[[ Study material open ]]

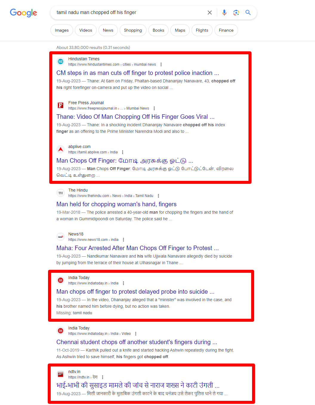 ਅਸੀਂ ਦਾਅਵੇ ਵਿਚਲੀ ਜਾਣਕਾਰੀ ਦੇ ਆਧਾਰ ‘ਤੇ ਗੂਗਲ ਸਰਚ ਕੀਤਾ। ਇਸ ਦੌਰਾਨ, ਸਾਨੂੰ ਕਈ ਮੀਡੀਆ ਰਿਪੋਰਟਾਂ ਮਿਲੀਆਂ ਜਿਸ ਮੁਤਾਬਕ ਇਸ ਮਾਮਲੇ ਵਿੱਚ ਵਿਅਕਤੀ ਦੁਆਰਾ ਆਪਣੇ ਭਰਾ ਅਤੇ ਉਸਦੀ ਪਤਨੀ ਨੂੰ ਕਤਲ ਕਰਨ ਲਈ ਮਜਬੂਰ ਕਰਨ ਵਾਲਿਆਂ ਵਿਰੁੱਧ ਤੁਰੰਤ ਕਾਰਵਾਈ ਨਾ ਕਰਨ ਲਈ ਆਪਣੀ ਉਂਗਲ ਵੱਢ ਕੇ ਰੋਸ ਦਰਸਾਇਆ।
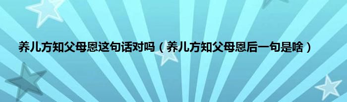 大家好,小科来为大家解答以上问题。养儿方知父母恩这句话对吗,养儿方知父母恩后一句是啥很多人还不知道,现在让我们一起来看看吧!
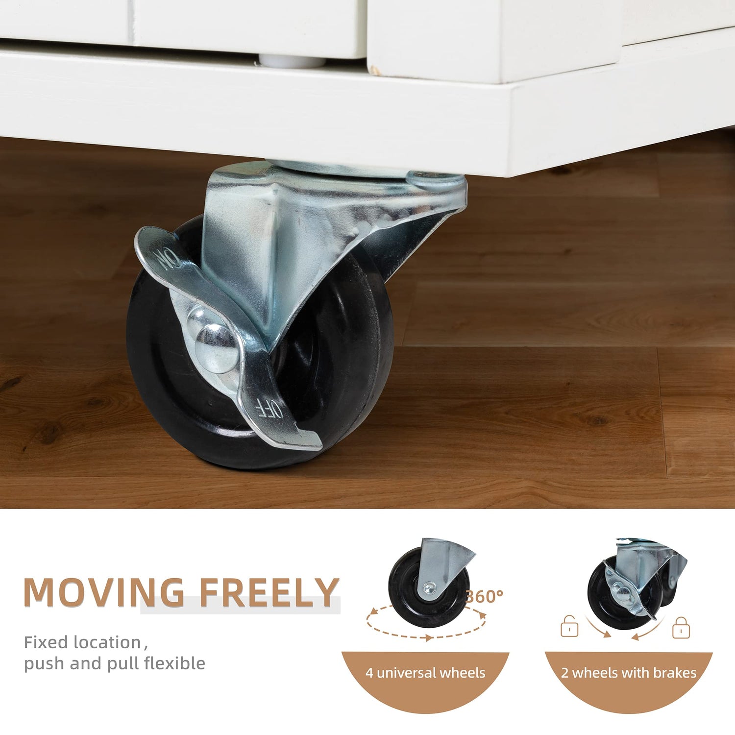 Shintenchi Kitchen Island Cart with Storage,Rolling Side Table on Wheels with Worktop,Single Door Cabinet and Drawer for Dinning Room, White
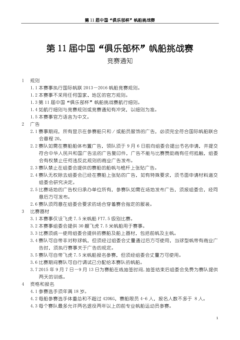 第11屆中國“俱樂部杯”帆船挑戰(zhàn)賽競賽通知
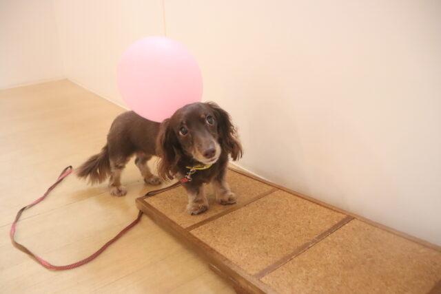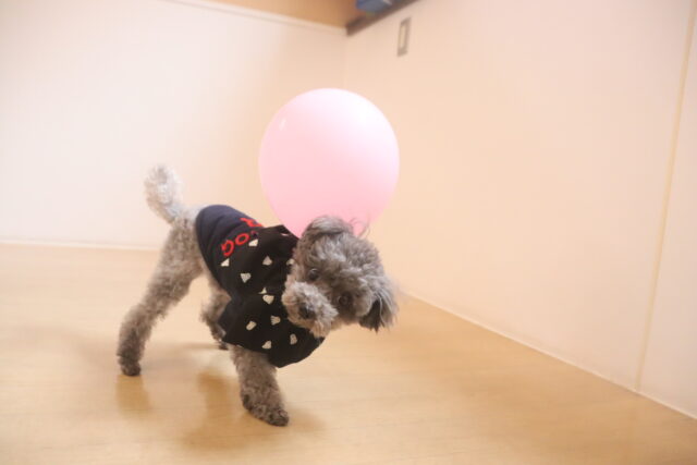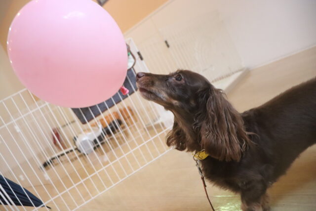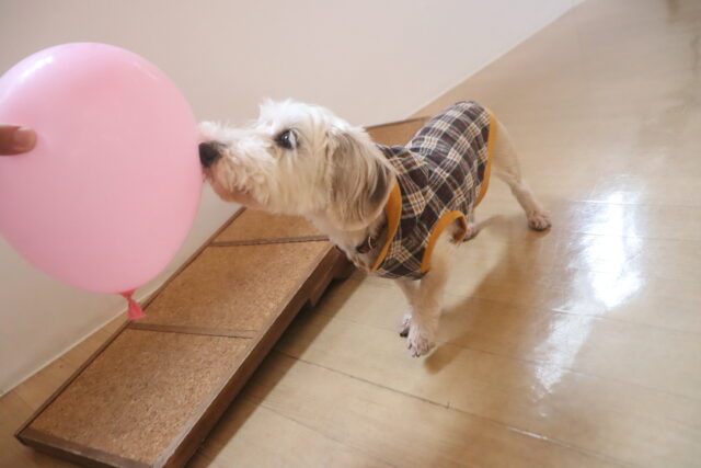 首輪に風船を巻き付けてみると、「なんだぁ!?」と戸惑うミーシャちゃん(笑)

[[ Study material closed ]]

• Assigned task: Write out the material above once more, exactly as it reads, with no pictures.

• Exercise output:
 ਅਸੀਂ ਦਾਅਵੇ ਵਿਚਲੀ ਜਾਣਕਾਰੀ ਦੇ ਆਧਾਰ ‘ਤੇ ਗੂਗਲ ਸਰਚ ਕੀਤਾ। ਇਸ ਦੌਰਾਨ, ਸਾਨੂੰ ਕਈ ਮੀਡੀਆ ਰਿਪੋਰਟਾਂ ਮਿਲੀਆਂ ਜਿਸ ਮੁਤਾਬਕ ਇਸ ਮਾਮਲੇ ਵਿੱਚ ਵਿਅਕਤੀ ਦੁਆਰਾ ਆਪਣੇ ਭਰਾ ਅਤੇ ਉਸਦੀ ਪਤਨੀ ਨੂੰ ਕਤਲ ਕਰਨ ਲਈ ਮਜਬੂਰ ਕਰਨ ਵਾਲਿਆਂ ਵਿਰੁੱਧ ਤੁਰੰਤ ਕਾਰਵਾਈ ਨਾ ਕਰਨ ਲਈ ਆਪਣੀ ਉਂਗਲ ਵੱਢ ਕੇ ਰੋਸ ਦਰਸਾਇਆ।
 大家好,小科来为大家解答以上问题。养儿方知父母恩这句话对吗,养儿方知父母恩后一句是啥很多人还不知道,现在让我们一起来看看吧!
 Shintenchi Kitchen Island Cart with Storage,Rolling Side Table on Wheels with Worktop,Single Door Cabinet and Drawer for Dinning Room, White
 第11屆中國“俱樂部杯”帆船挑戰(zhàn)賽競賽通知
 首輪に風船を巻き付けてみると、「なんだぁ!?」と戸惑うミーシャちゃん(笑)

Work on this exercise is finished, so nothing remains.